2.1.1. Link Atmak Suretiyle Yapılan Fikri Mülkiyet İhlalleri

Sık görülen ihlal çeşitlerinden birisi, link atmak suretiyle yapılan fikri mülkiyet ihlalidir. Link, bir bilgisayar programı ile gerçekleştirilen bir web sayfasından diğerine geçişi sağlayan faaliyettir. Link atma sayesinde istenilen siteye kolayca ulaşılabilir. Link atma çeşitlerinden basit link atma, kaynak metinde kullanıcı tarafından görülen ayrıca da tıklanmasıyla aktif olan başka bir muhtevaya kurulan bağlantıdır. Link verme bir bakıma çoğaltmadır. Eser sahibinin izni alınmadan eserin sanal ortama verilmesi fikri mülkiyet hakkının ihlalidir. Eser sahibinin mali haklarından biri olan yayma hakkı gereği eseri internete koyabilir ve link atma da fikri mülkiyet ihlaline sebebiyet vermez. Çünkü link adresi verme bir site üzerinde işlem anlamında bir değişiklik yapmaz. Ancak eser sahibine basit link atma suretiyle maddi bir zarar verilmese de manevi bir zarara sebep olabilir mi doktrinde tartışılmıştır. Buna göre, manevi hak ile korunmak istenen eser sahibi kişinin esere özgülediği fikridir. Kanunun manevi haklar içerisinde belirtmiş olduğu eser sahibinin eserde adının belirtilmesini talep hakkı basit link atma ile ihlal edilmiş olmaz çünkü basit link atılan kişi linke tıkladığında ana sayfaya direk ulaşır ve eserin kime ait olduğunu oradan görebilir. Link atma çeşitlerinden bir diğeri de derin (dâhili) link atmadır. Buna göre, bir siteden başka bir siteye link atılırken, linki verilen sitenin ana sayfası geçilerek direk iç sayfaya girilmektedir. Bu durumda HTML ve Java programlama dili kullanılmaktadır. Derin link atma suretiyle fikri hak ihlalinin olması hakkında ilk hukuki uyuşmazlık 1996 yılında İskoç adalarında gerçekleşmiştir. Bu uyuşmazlıkta gazetenin internet sitesindeki bazı haberlere kullanıcıların direk linke tıklayarak ulaşması ve gazete bundan zarar görmesi ile ilgilidir. Sonuçta mahkeme, derin link atıldığı zaman ana sayfanın atlandığına ve verilen reklamların kullanıcılara ulaşmadığına bu nedenle de bu fiilin fikri hak ihlali olduğuna karar vermiştir. Bu karar ve devam eden kararlardan anlaşıldığı üzere derin linkler fikri hak ihlaline sebebiyet vermektedir (Bozca, 2014).

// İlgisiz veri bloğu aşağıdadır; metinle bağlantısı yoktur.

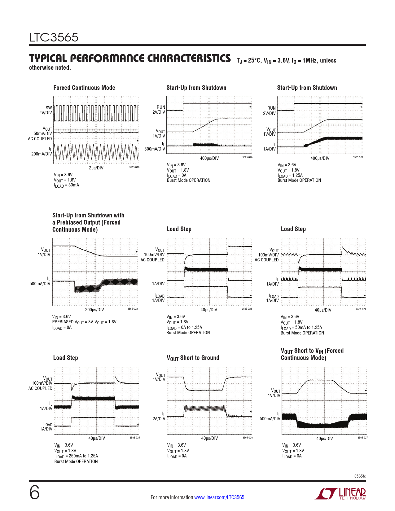 VOUT VOUT VOUT 1V/DIV 100mV/DIV 100mV/DIV AC COUPLED AC COUPLED IL IL IL 500mA/DIV 1A/DIV 1A/DIV ILOAD ILOAD 1A/DIV 1A/DIV 3565 G22 200µs/DIV 3565 G23 40µs/DIV 3565 G24 40µs/DIV VIN = 3.6V VIN = 3.6V VIN = 3.6V PREBIASED VOUT = 3V, VOUT = 1.8V VOUT = 1.8V VOUT = 1.8V ILOAD = 0A ILOAD = 0A to 1.25A ILOAD = 50mA to 1.25A Burst Mode OPERATION Burst Mode OPERATION
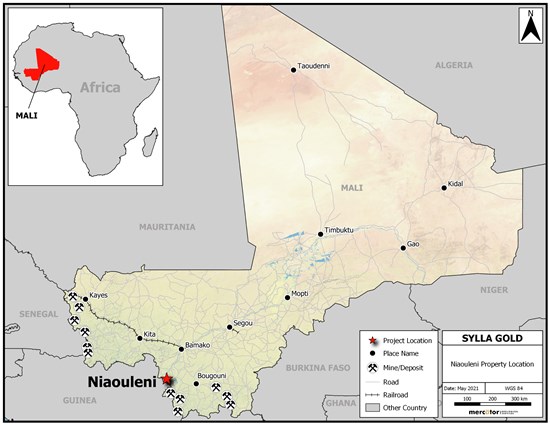 Bedford, Nova Scotia–(Newsfile Corp. – August 30, 2021) – Sylla Gold Corp. (TSXV: SYG.H) (Sylla Gold or the “Company“) is pleased to announce that it has entered into a non-arms length, non-binding letter of intent (“LOI”) with Niaouleni Gold Inc. pursuant to which Sylla Gold would acquire an option to earn 100% of the Niaouleni Gold Project (“Niaouleni” or the “Project“) located in the prolific gold-bearing Birimian rocks of southern Mali in West Africa. The Project is located approximately 150 km southwest of the capital city of Bamako, and adjacent to African Gold Group’s Kobada gold deposit. The Kobada Gold Project contains a Measured and Indicated mineral resource of 46.7 Mt grading 0.86 g/t Au for 1.19 Moz of gold, and an Inferred mineral resource of 31.5 Mt grading 1.33 g/t Au for 1.14 Moz of gold (source: NI 43-101 Technical Report for the Kobada Gold Project in Mali with an effective date of June 17, 2020 and filed on SEDAR under African Gold Group Inc.). Readers are cautioned that mineralization and mineral resource estimates on adjacent properties are not necessarily indicative of mineralization on the Project (please refer to additional cautionary statements below).
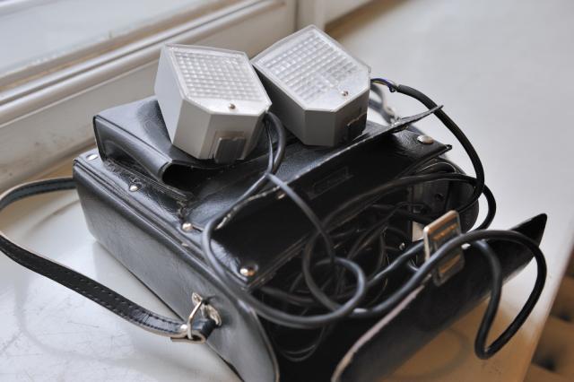 Dviejų blyksčių komplektas, kuris susideda į retro stiliaus krepšelį. Blykstės veikia nuo 220 V tinklo, yra galimybė fotografuoti kartu su dviem blykstėmis iš karto arba po vieną. Galima susikonfigūruoti nebrangią namų studiją.
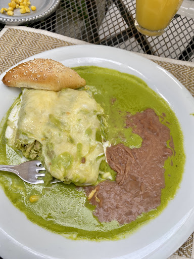 Compartimos los molletes con chorizo y yo me desayuné unas enchiladas verdes. Todo 5/5.
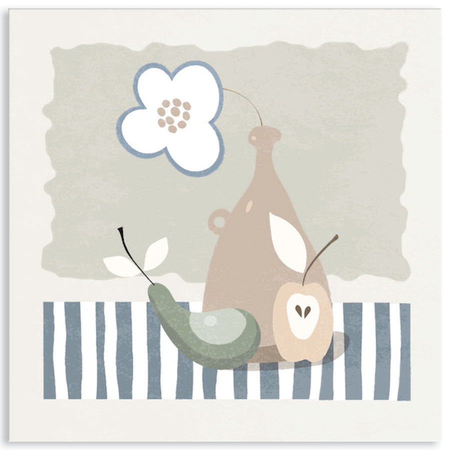 Canvas Print: Still Life II is a modern still life in muted tones of a single flower in a vase and a pear and an apple. Still Life II is a contemporary minimal graphic creating a happy, playful vibe. Still Life II is the second in a series of three and is printed on high quality glossy poly-cotton canvas featuring high whiteness and superior colour brilliance and image definition with UV stabilised solvent ink. The canvas is stretched over a sturdy support frame with D-Rings and strung with cord ready to hang. Australian made under an Australian Made Campaign Ltd licence.
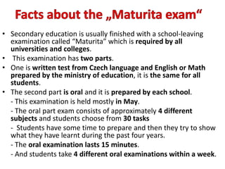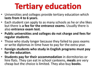 - Students can continue to universities or colleges after secondary school to obtain bachelor's, master's or doctoral degrees. The oldest university is Charles University in Prague.

2.1.2. Çerçeve İçine Almak Suretiyle Yapılan Fikri Mülkiyet İhlalleri

Çerçeve içine alma demek, web sitelerini çerçevelere ayırmaktır. Yani, birden fazla doküman yan yana çağrılmaktadır. Bu şekilde başkasına ait içerik çerçeve içerisinde gösterilse bile diğer kişinin URL’si değil yalnızca bağlantı kuran sirenin sitenin URL’si gözükmektedir. Aslında çerçeve içine alma derin link atmanın bir çeşididir. ABD’de ortaya çıkan bir uyuşmazlıkta Total News adlı on-line haber sağlayıcısı, aralarında davacı, Washington Post ile CNN ve TIME‟ın bulunduğu medya kuruluşlarına ait web sayfalarının adlarını kendi web sayfasına link olarak koymuştur. Mahkemenin verdiği karara göre, Total News’in başka kişilere ait haberleri çerçeve içinde kullanıcılara sunması haksız rekabet teşkil ettiği kararına varılmıştır (Kilmer, 2002).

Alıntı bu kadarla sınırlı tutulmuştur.